I haven’t got many memories of my time as a kid. They mostly survive through exhilarating accounts narrated by my parents to other relatives and friends over and over again… but I do not remember living most of them (not sure why). Yet one of the distinctive memories I have is that of me sitting in the one and only barber shop in my home village, sometime during my primary school years, and discovering a great way of killing time during the long waits: *Tangram*. Yes, Tangram, the traditional dissection puzzle invented ages ago in China and imported in the western world during the 19th century, a sample of which eventually ended up in that barber shop.

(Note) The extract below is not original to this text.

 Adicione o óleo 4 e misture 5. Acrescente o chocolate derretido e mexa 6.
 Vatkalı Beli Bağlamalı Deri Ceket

I clearly remember myself playing with the seven wooden pieces, and the cheer of satisfaction when I finally figured out a way to reassemble them into the designed large square. More recently, with the advent of smartphones, plenty of Tangram puzzle apps became available for download, all based on the same principle: reassembling a number of small polygonal pieces in a puzzle, to reconstruct a target, more complex shape. Sometimes, there is only one way to achieve the goal, given the set pieces; some other times, there are multiple solutions to a puzzle.

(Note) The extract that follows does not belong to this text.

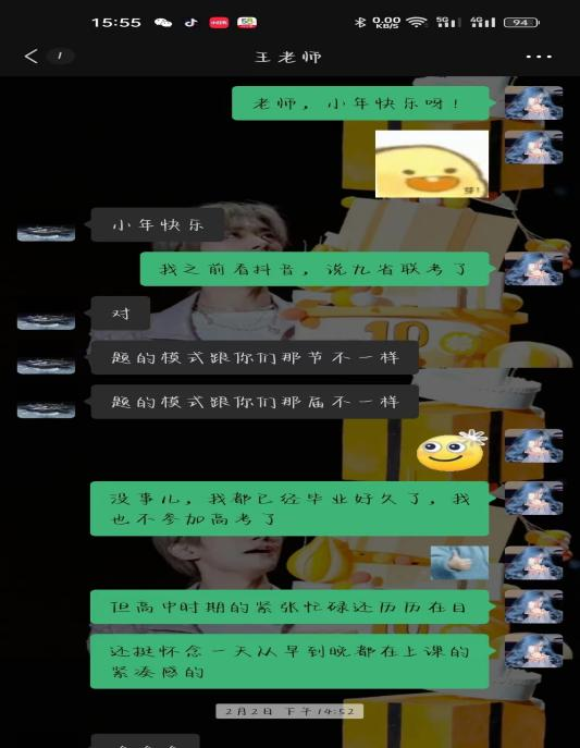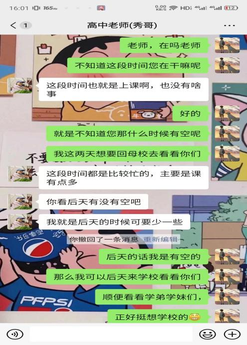 郭洪涛同学和高中老师一起在高中校园里漫步,和老师聊以前的高中生活,没想到老师依旧记得;他还和老师聊了他现在的大学生活,聊了对未来工作的憧憬。赵讯同学去老师的任教班级做旁听生,重温了熟悉的高中课堂,并且和学弟学妹们分享了自己丰富的大学生活。李欣怡同学和陈旭同学进行的是线上回访,和老师共同回忆了高中的趣事,聊起了现在大学的生活,他们给学弟学妹们提出了一些学习建议,并提醒高考临近让学弟学妹们保持心态。

Today I am going to discuss a variation of the Tangram puzzles, with an important twist: *price*. Imagine that each of the set pieces, to be used for assembling the final target shape, comes at a cost (that we will indicate with the currency symbol ¥). For any given target shape, the goal of the game is then to find the solution which minimizes the overall cost. This may not be necessarily the one with the least amount of used pieces, but must be the solution (or solutions) involving the overall cheapest possible combination of the pieces, in order to reconstruct the target.

For example, imagine we are allowed the following set with associated prices: squares with side lengths of 1 unit (available for free, 0¥), right-angled triangles with two side lengths of 1 unit (priced at 1¥), and right-angled triangles with two side lengths of 2 units (priced at 2¥). See below, a picture is worth a million words.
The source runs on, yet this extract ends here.